In the past 10 years or so, many very high level Reiki Master Teachers and authors of very well known and admired Reiki books, have taken it upon themselves to go to Japan to learn all they could about the real origins of Reiki and it's creator.   They include such people as Frank Arjava Peter and his wife, James Deacon, Chris Marsh, William Lee Rand and many others.  They were able to connect with an actual practising Japanese Reiki Master Teacher, Hiroshi Doi who made many other connections for them including several 100+ year old Buddhist nuns still living who were connected to Reiki and taught by Dr. Usui himself as well as many others. 

They learned many things about Usui we didn't know which clearly debunked the Christian myth surrounding Reiki that Mrs. Takata created.  We now know that Usui was born into a very old and high ranking Samurai family and as such was sent off at the tender age of 4 to a Buddhist monastery to study.  Among  the many things he learned there were Kiko (the Japanese form of QiQong) and martial arts.  He actually became a very accomplished and admired martial artist in swordsmanship and grappling.

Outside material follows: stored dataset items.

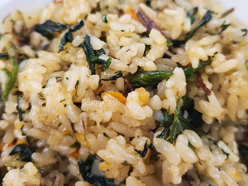짭짤한 간장 소스와 듬뿍 들어간 국산 곤드레가 만나 고소한 맛이 일품이에요.
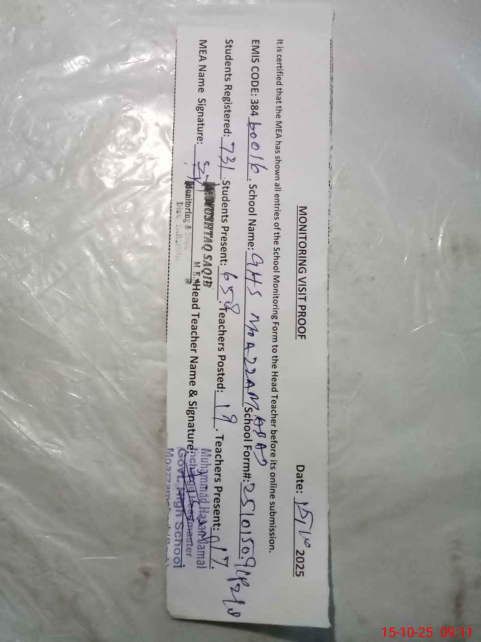 | EMIS Code: 38460016 | Name of School: GHS MUAZZAM ABAD | |||
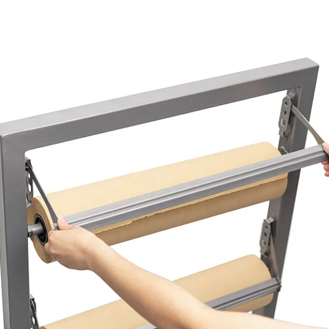 Has a sturdy metal frame with a superior cutting blade for easy cutting of kraft paper and counter rolls. The dispenser is ideal for wrapping parcels, boxes and gifts. Components are not water-resistant.
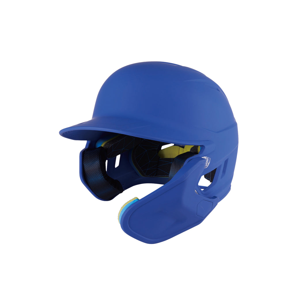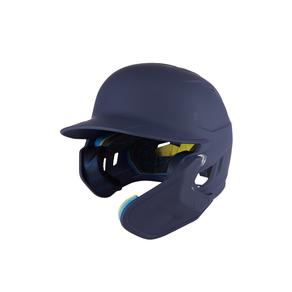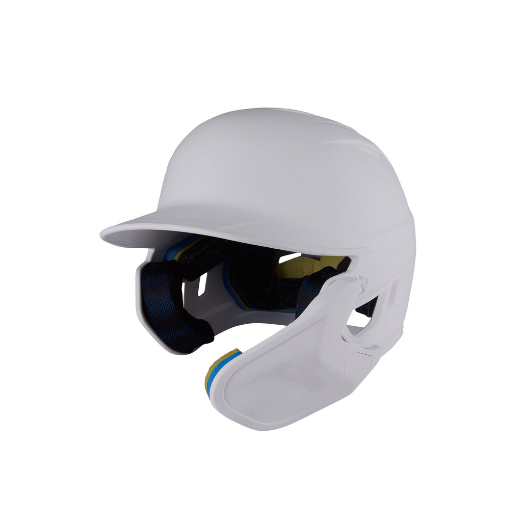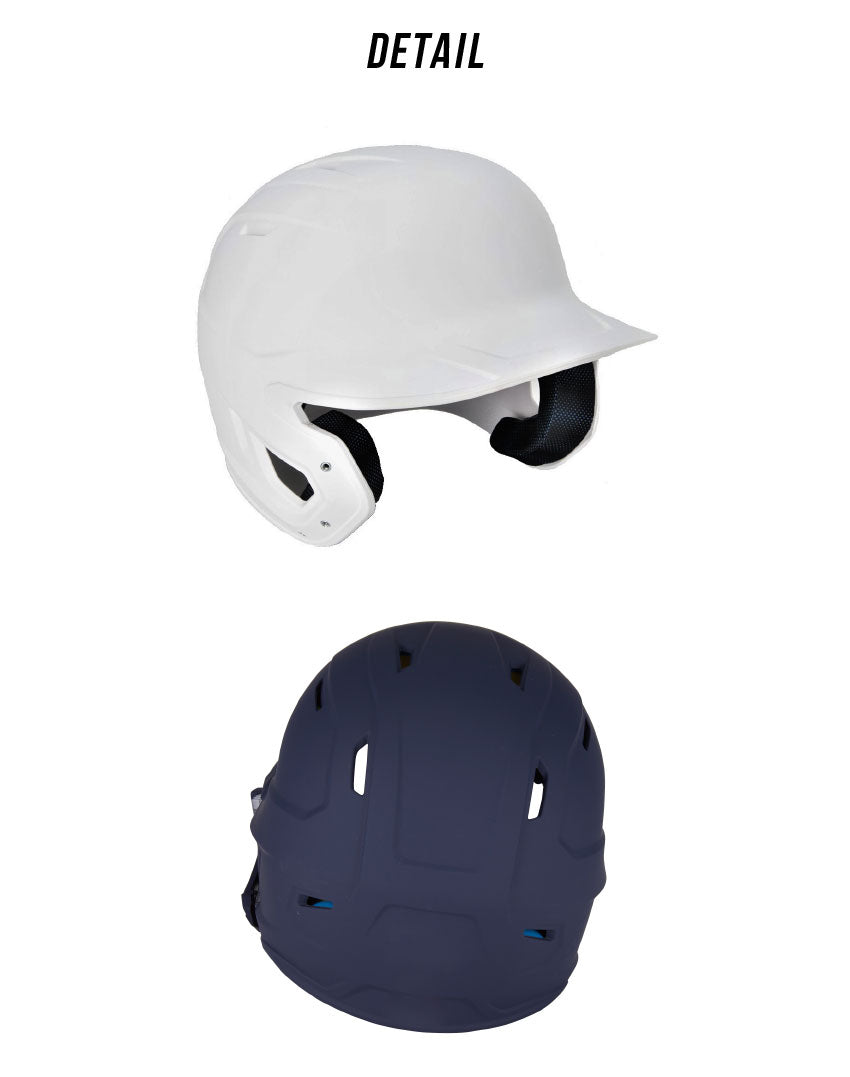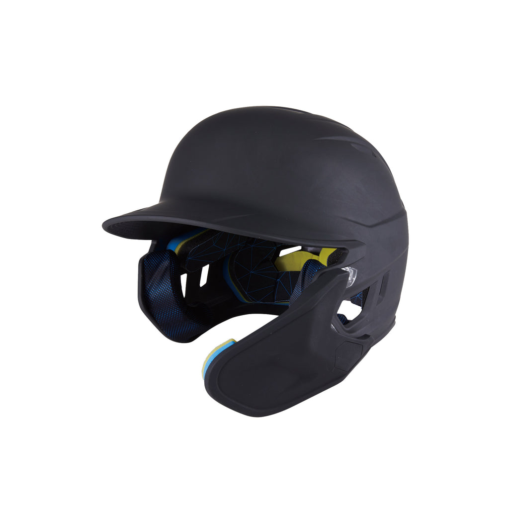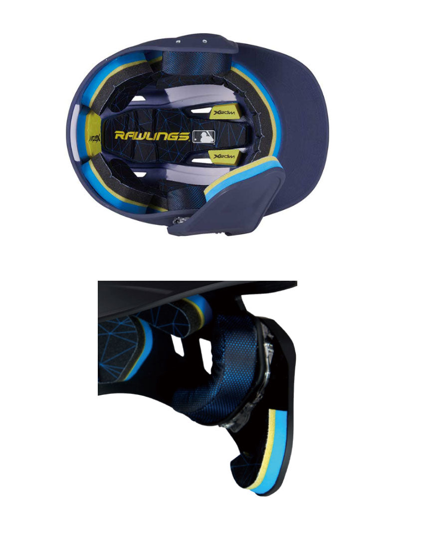 9種類の角度に簡単調整可能な顎ガード付きヘルメット。打席での恐怖心を取り除くと同時に選手それぞれに合った視野を確保。頭上部は、通気性を高くした設計。顎ガード部はMLB選手使用ずばりのものを採用。

In his relatively short in modern terms life, he studied and worked in many areas and at some point became a Buddhist lay priest (meaning he could marry and live at home as a priest, he did not have to live a cloistered life as a monk in a temple).  He also studied Zen Buddhism with it's founder at one point.  So clearly he was not a Christian. 

Like many seekers of our time he worked at many diverse jobs (working in a prison, as a secretary to a government official for example) and studied a large variety of things including psyhic phenomena, Shintoism and a form of Japanese shamanism. (see Taggart King's Reiki Level I manual).

It is currently believed that Reiki is actually a compilation of all the things Usui studied in life in his pursuit to achieve "satori" - the state where nothing that happens to you in life bothers, you, you are calm and serene and you are doing what you came here to do or on your soul path.  It is possible  that he also did have an "enlightenment" experience on top of the sacred Japanese mountain Kuryama as many say. but others say he performed the "Lotus Repentance Meditation" as many as 5 times (not the one as you always read or hear about in just about every Reiki book there is).  The story goes that he went to the top of the sacred mountain with the intention of receiving the instructions on how to understand and utilize all the information he had gathered about the system of Reiki but could not figure out how to activate it.  Being told by the head monk of his temple to go up and meditate/fast for 21 days and either get the answers or die.

At the end of 21 days he had still not received any answers and was preparing to come down off the mountain when he saw a "great light" heading towards him at very high speed and made the decision to allow the light to enter his body (at the third eye) and all was revealed to him upon contact which knocked him unconscious.

As with most things about Reiki and actually with many other things in life, we will never know the "real" story as Usui has been dead for many many years as well as Hayashi (his predecessor) and Mrs. Takata, the last of the BIG THREE in Reiki history (so far).  But this new information is very arresting and eye opening and gives one a much better idea of how this hands on healing modality was originated and why.